The terms used here are the same as described above.

The cosmetic composition of the present invention can be prepared in the form of a general emulsified formulation and solubilized formulation. Cosmetics in emulsified formulations include nutritious lotions, creams, and essences, and cosmetics in solubilized formulations include flexible lotions. Suitable cosmetic formulations include, for example, solutions, gels, solid or pasty anhydrous products, emulsions obtained by dispersing the oil phase in the water phase, suspensions, microemulsions, microcapsules, microgranules or vesicles of ionic (liposome) or non-ionic form. It may be provided in the form of a dispersant, cream, skin, lotion, powder, ointment, spray or concealer stick. Additionally, it can be prepared in the form of foam or in the form of an aerosol composition further containing compressed propellant.

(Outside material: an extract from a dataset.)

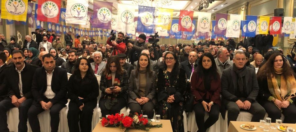 DEM Parti Eş Genel Başkanı Tülay Hatimoğulları Oruç, bir düğün salonunda yapılan kongrede, “Türkiye çok çekti. Türkiye acılar çekti. Kürt halkı acılar çekti. Kürt halkı gençlerini kaybetti, Türk halkı gençlerini kaybetti ve bizim buradaki en büyük muradımız artık bu kan ve gözyaşı dursun, ortak yaşamı birlikte inşa edelim. Bizler barışı en çok isteyenleriz. Asla rehavete kapılmayalım.” dedi.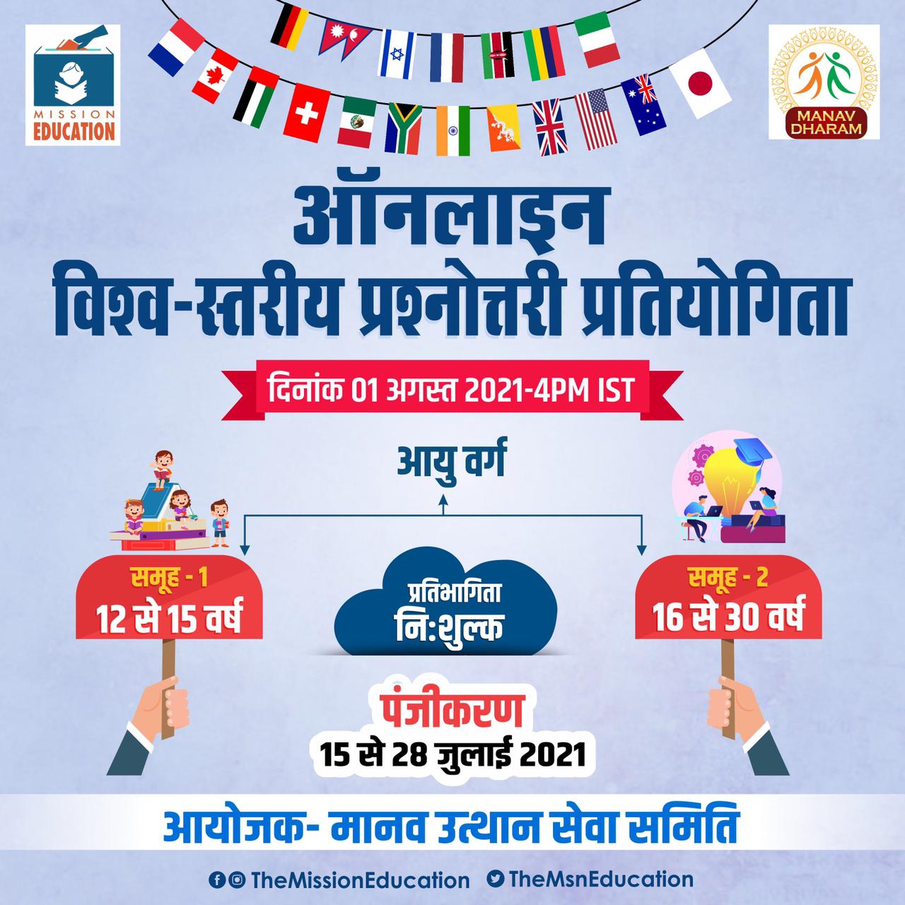 रायपुर/बालोद/नई दिल्ली। मानव उत्थान सेवा समिति (पंजी०) के नेतृत्व में मिशन एजुकेशन द्वारा ऑनलाइन विश्व-स्तरीय प्रश्नोत्तरी प्रतियोगिता का आयोजन 1 अगस्त 2021 को किया जा रहा है जिसके परिणाम की सूचना 8 अगस्त 2021 रविवार को लाइव प्रसारण द्वारा दी जाएगी।

In addition to the active ingredients of the present invention, the cosmetic composition further contains fatty substances, organic solvents, solubilizers, thickeners and gelling agents, softeners, antioxidants, suspending agents, stabilizers, foaming agents, fragrances, surfactants, Commonly used in water, ionic or non-ionic emulsifiers, fillers, sequestering and chelating agents, preservatives, vitamins, blocking agents, wetting agents, essential oils, dyes, pigments, hydrophilic or lipophilic actives, lipid vesicles or in cosmetics. It may contain auxiliaries commonly used in the cosmetic field, such as any other ingredients.

The fraction prepared from the perilla extract of the present invention or the compound isolated therefrom contains inflammatory cytokines, interleukin-1β (IL-1β) and tumor necrosis factor-α (TNF-α). Since it is a safe substance that inhibits the production or secretion of and is not cytotoxic, it can be usefully used in cosmetic compositions for preventing or improving inflammatory diseases.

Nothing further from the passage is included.